Death and taxes. Fewer things are more inevitable, frankly spoke Benjamin Franklin. Except maybe the twins reaching the semi-finals. Yet fewer things have such a bad press (except the twins, but so they should). Now I know I’m a bit of an oddball, but I’m not much frightened of either (I am frightened of the twins. Enough of the X-Factor).

I worry about the consequences of my death; but I am not hugely frightened of death itself, most of the time. I certainly don’t avoid talking about death like many people. And perhaps more oddly, I secretly quite like paying tax. It makes me feel grown-up.
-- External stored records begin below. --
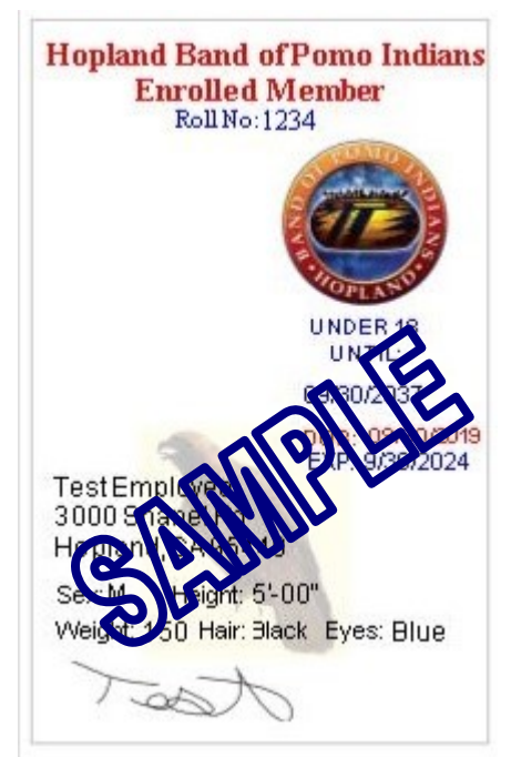
Youth Tribal Members Under 17
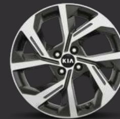
17" Alloy (GT Line / GT Line+)
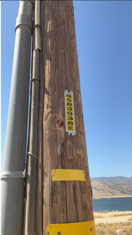
Item1G1mg2: Pole ID
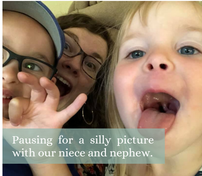
Pausing for a silly picture with our niece and nephew.
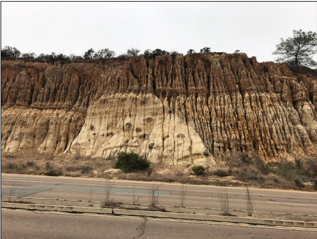
Torrey Pines LV with Natasha Rodriguez (9) big concretions in Torrey Ss
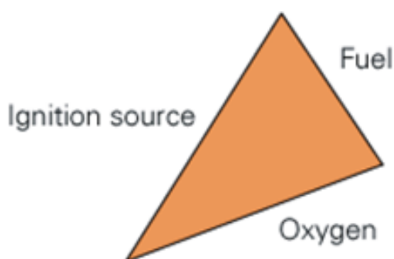
Figure 4 The Fire Triangle

13.3.3 Where the substance cannot be eliminated, or substituted, then appropriate precautions need to be in place. Control of the risks of flammable substances can be considered in terms of removing at least one side of the 'Fire Triangle'. See Figure 4.
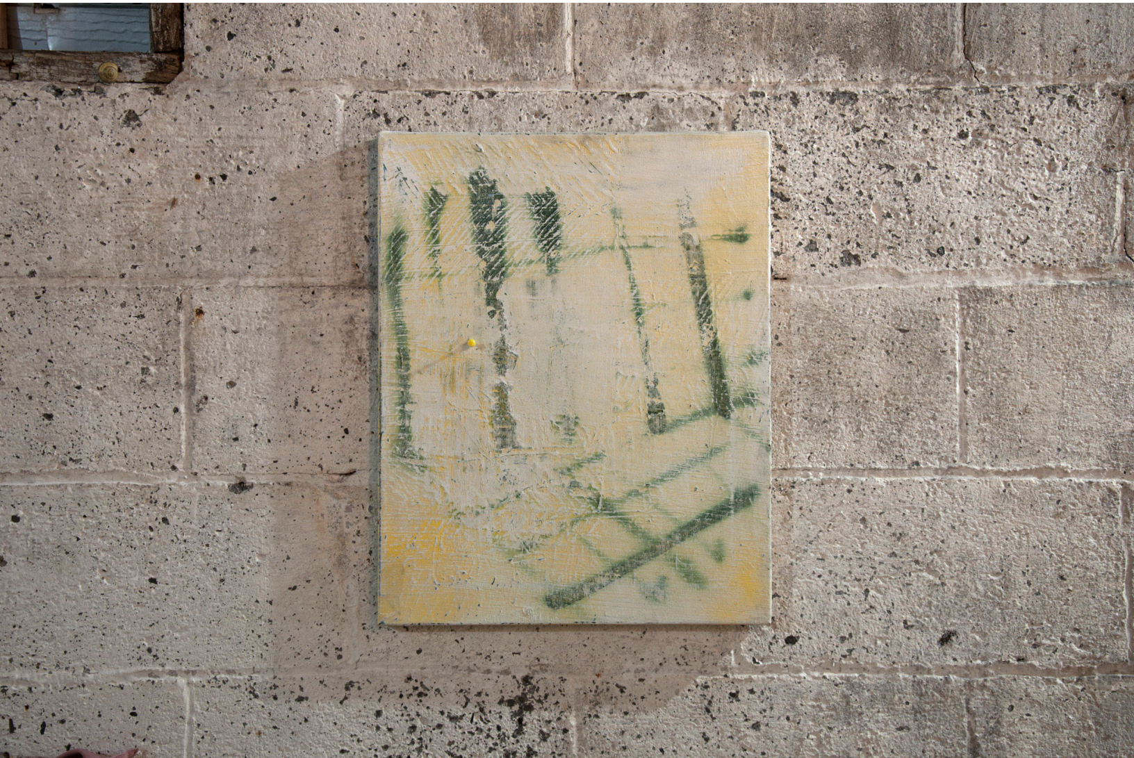
Untitled System 5, 2017, oil and push-pin on canvas, 60cm x 40cm.
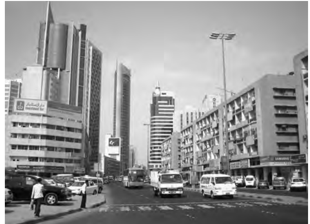
FIGURE 13. New highrises along Fahad al-Salem Street in 2008.

creased FARs exponentially, allowing buildings to rise up to a maximum of 100 stories, depending on plot size. This led to a flurry of demolition and construction activity, as the iconic lowrise modernist landscape was rapidly replaced by more profitable glass-and-steel highrises (FIGS. 11–13).
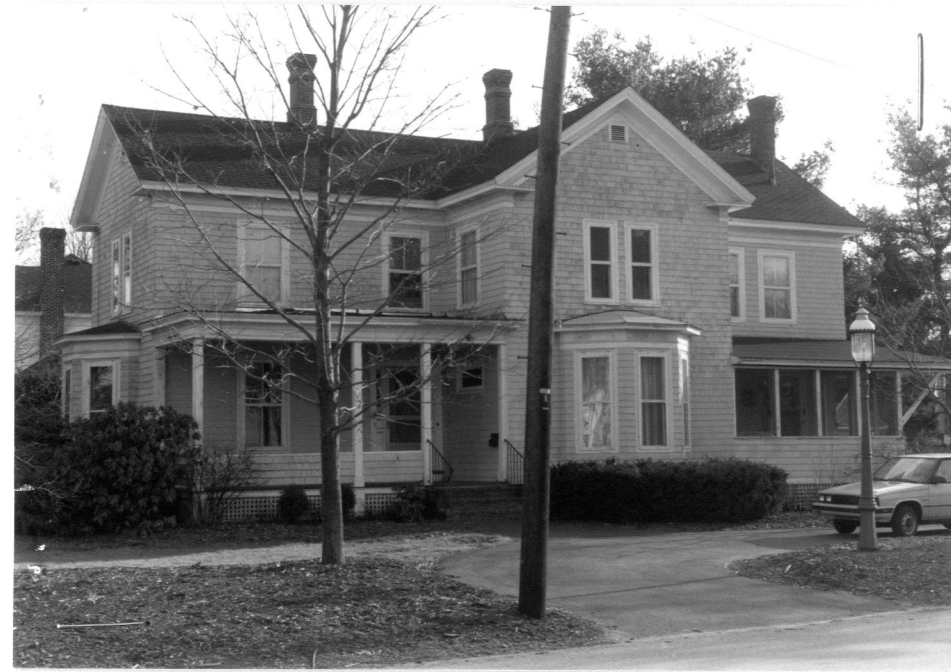
1391 Main Street
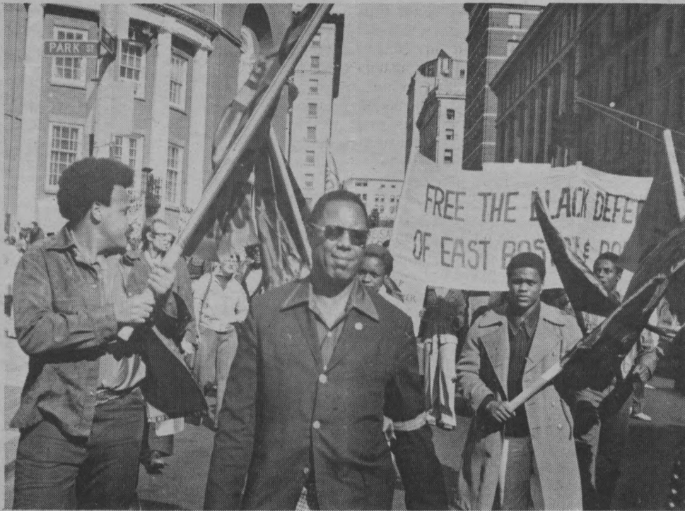
Over 300 people, including C.U.L.A., said an emphatic no to racism in Boston in support of the East Boston, Dorchester and Hyde Park defendants.

The popular appeal of the campaign and the massive support in the communities and at several rallies has shown hundreds of people that through a united fight, the rich corporations and their government stooges can not only be challenged, but can be forced on the defensive, and that the people will win.
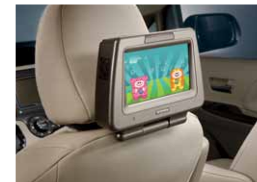
Rear Seat Entertainment System Keep your kids entertained and occupied on those long road trips.
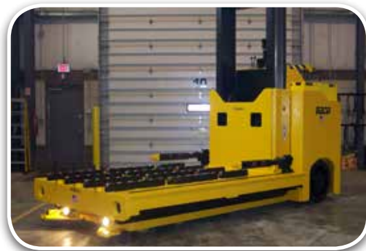
Rider Die Handler
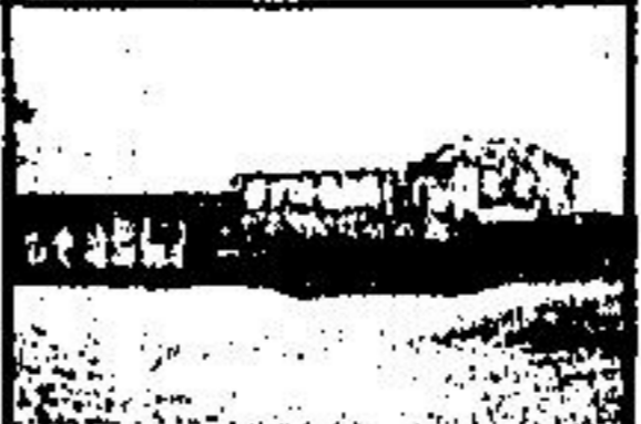
CALEDON AREA - CALLING ALL ARTISTS

Only minutes to Hwy 7 & town, 4 bdrms, living & dining room, bright eat in kitchen, family room with fireplace, double garage. Call Anne Genoe 877-5296. 3234
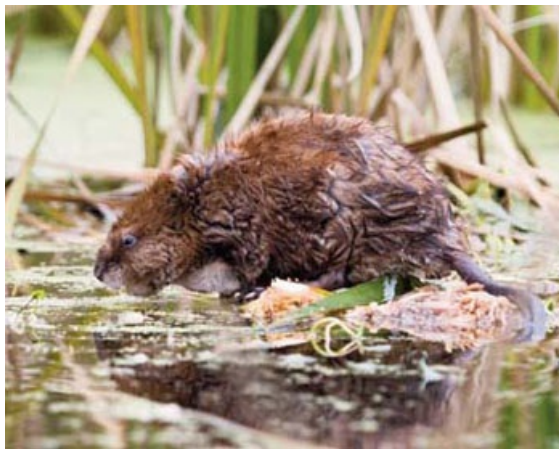
The muskrat lives on riverbanks and in

Muskrats occupy much of the wetlands in the United States, but are absent from Florida and rare in some southern states. Muskrats occupy most of the river systems of North Carolina. They are rare in coastal areas of southeastern North Carolina. Muskrats live in marshy, freshwater areas with a home range of less than a mile.
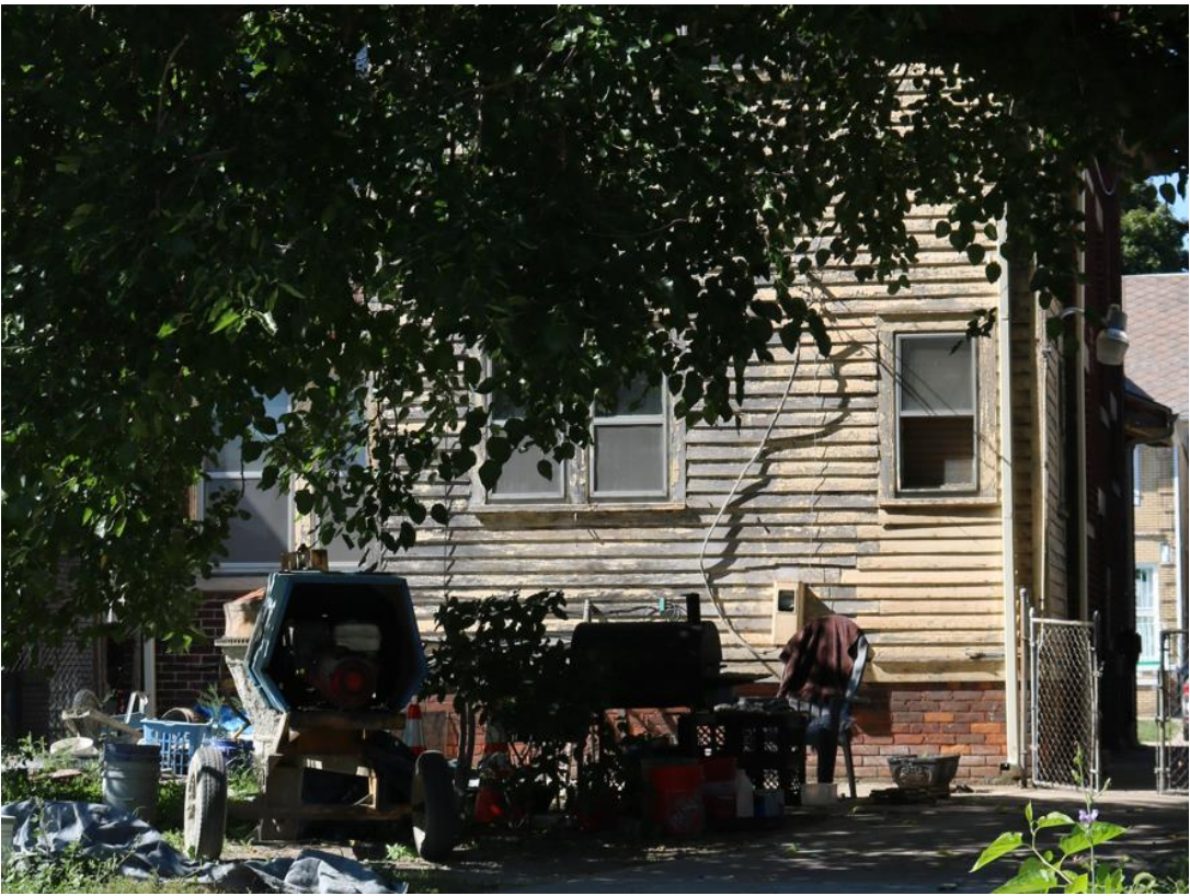
Rear (south elevation) of building. September 2022 photo by staff.

• Staff suggests that the existing windows proposed for replacement are historic; this opinion is based in the building's age and architectural style as well as the inclusion of wood sash windows in the Elements of Design.
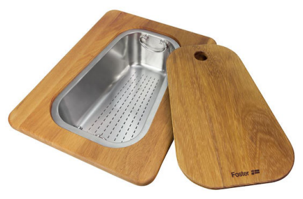
Iroko-wood chopping board with stainless steel colander
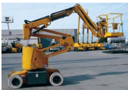
Mobile work platform with fall arrest harness.
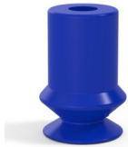
Variant reference: 91 10PU A
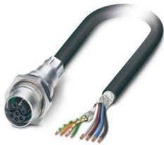
M12 panel feed-through, rear mounting

Please be informed that the data shown in this PDF document is generated from our online catalog. Please find the complete data in the user documentation. Our general terms of use for downloads are valid.
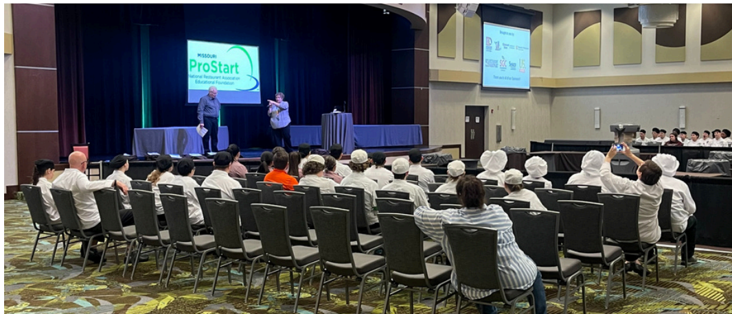
Missouri ProStart Competition

It also gives me roads to drive on, infrastructure to rely on, governments to complain on, schools to compare and many other good things.

Pret VAT sign

VAT nightmare?

This photo was taken at Pret a Manger, when I paid for my coffees and via VAT contributed to the infrastructure that enabled me to buy it, pay for it, drink it, and not have to wash up afterwards. I like Pret. They are fair-trade and tasty and fresh. But their attitude to VAT is somewhat negative. They encourage the view that it feels inconvenient, annoying, even an abuse of my rights to a cheap coffee. “VAT nightmare!” they scream. If you can’t read it because it’s a bit blurry (my phone was drunk) it says “We’re legally required to add on VAT when you eat in. Nightmare.”

eat my taxes

But is paying tax a “nightmare”? Really?

Why should we have everything for free? We demand, we consume, we don’t want to suffer the consequences. But surely we should be willing to pay our way, to contribute to the communal fund. To be generous.

It is unpopular to many, but our taxes allow all of us to live as we do; and allow many people to simply live, as they have no other income, no other way to pay for food or housing or a present for the kids. The vast majority of people who receive benefits are not wasters and scroungers. I want to support them. I know that is not all that taxes pay for. I know that much tax-payers money is wasted, much like my own (on a smaller scale!). I know the banking system has swallowed an awful lot of it this year and is laughing loudly whilst we squirm is disbelief. But still.

Are taxes inevitable? Yes. Are they a bit of a pain? Ok, yes. Are they necessary? Yes. Are they a nightmare? No. Do they give us a higher standard of living than so many across the world? Yes. Do they give some people life for whom everything else is only death? Actually, I think they do. Maybe we should be grateful we live in a country that can tax, unlike many where it is just a pipe-dream, so infrastructure cannot be built without bribery and corruption. Maybe we should be grateful we live in a country with a lower minimum tax threshold of 33%, like Sweden. Though they do have Volvos.

So,  hooray for taxes. And as Jesus demonstrated in the transformed life of one, hooray for the tax man.

Now I can drink my coffee without having nightmares.